Task details: Whenever a picture appears in the data, skip it and write out all other material exactly.

Data segment:
=-=-=
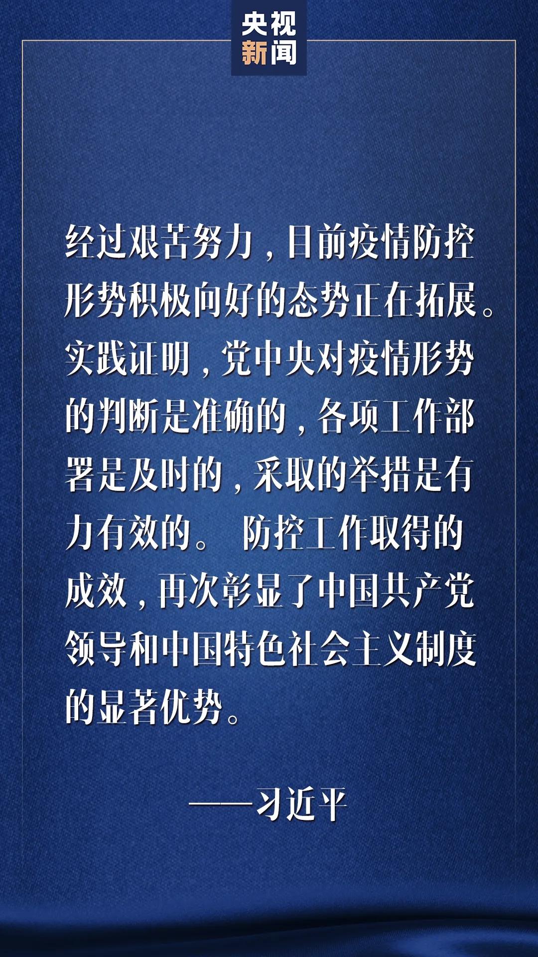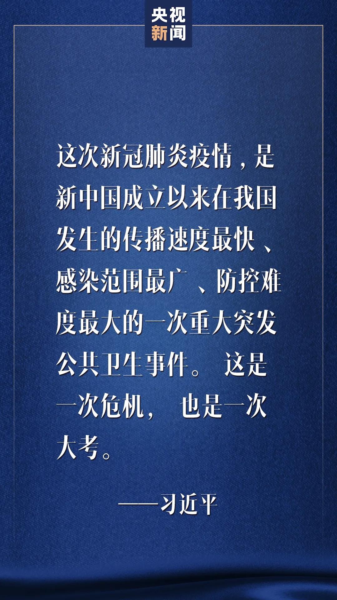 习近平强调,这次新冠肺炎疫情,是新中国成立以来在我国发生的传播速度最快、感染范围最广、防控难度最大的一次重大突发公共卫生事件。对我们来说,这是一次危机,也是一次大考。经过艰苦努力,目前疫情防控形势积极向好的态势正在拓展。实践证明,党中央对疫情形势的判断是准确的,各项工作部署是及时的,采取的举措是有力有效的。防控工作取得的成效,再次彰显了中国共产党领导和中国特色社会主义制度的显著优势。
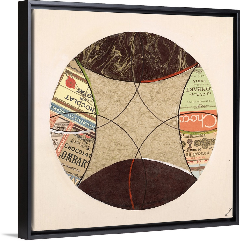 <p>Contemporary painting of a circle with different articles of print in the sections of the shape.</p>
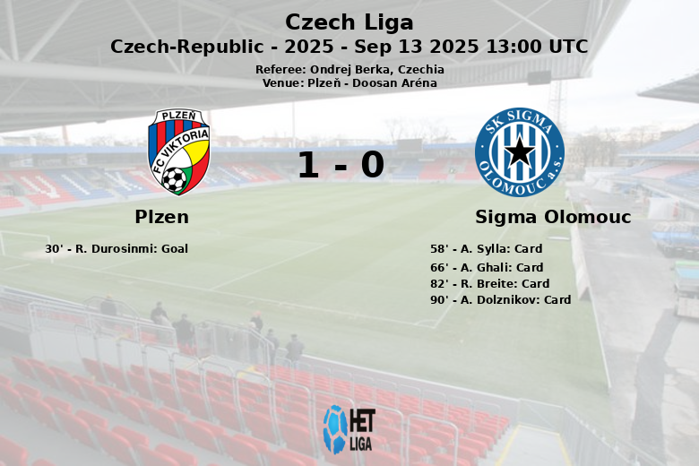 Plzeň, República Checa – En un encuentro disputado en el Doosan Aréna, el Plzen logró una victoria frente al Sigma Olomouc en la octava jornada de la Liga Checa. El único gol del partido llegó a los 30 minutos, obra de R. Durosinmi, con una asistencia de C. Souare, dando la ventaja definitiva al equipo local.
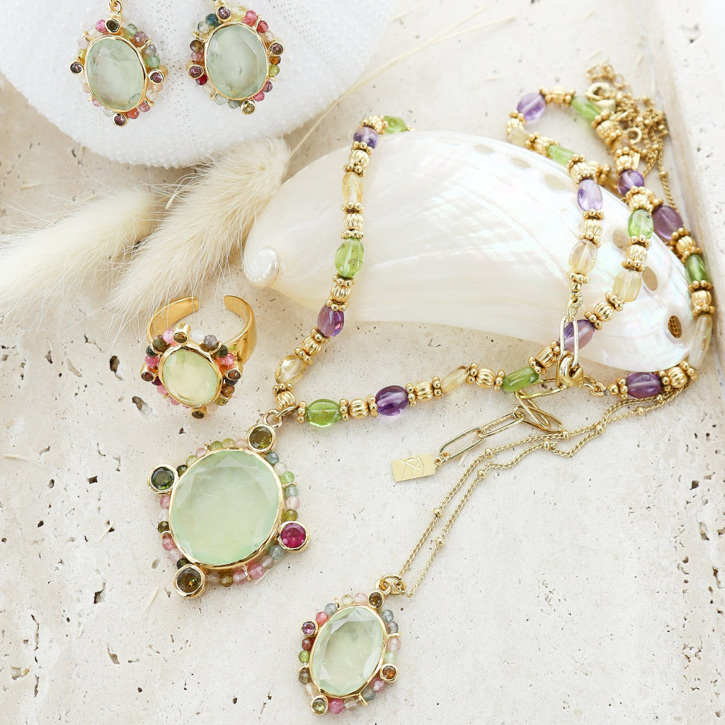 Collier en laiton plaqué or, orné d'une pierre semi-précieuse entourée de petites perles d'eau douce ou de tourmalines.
=-=-=
Exercise answer:
 习近平强调,这次新冠肺炎疫情,是新中国成立以来在我国发生的传播速度最快、感染范围最广、防控难度最大的一次重大突发公共卫生事件。对我们来说,这是一次危机,也是一次大考。经过艰苦努力,目前疫情防控形势积极向好的态势正在拓展。实践证明,党中央对疫情形势的判断是准确的,各项工作部署是及时的,采取的举措是有力有效的。防控工作取得的成效,再次彰显了中国共产党领导和中国特色社会主义制度的显著优势。
 <p>Contemporary painting of a circle with different articles of print in the sections of the shape.</p>
 Plzeň, República Checa – En un encuentro disputado en el Doosan Aréna, el Plzen logró una victoria frente al Sigma Olomouc en la octava jornada de la Liga Checa. El único gol del partido llegó a los 30 minutos, obra de R. Durosinmi, con una asistencia de C. Souare, dando la ventaja definitiva al equipo local.
 Collier en laiton plaqué or, orné d'une pierre semi-précieuse entourée de petites perles d'eau douce ou de tourmalines.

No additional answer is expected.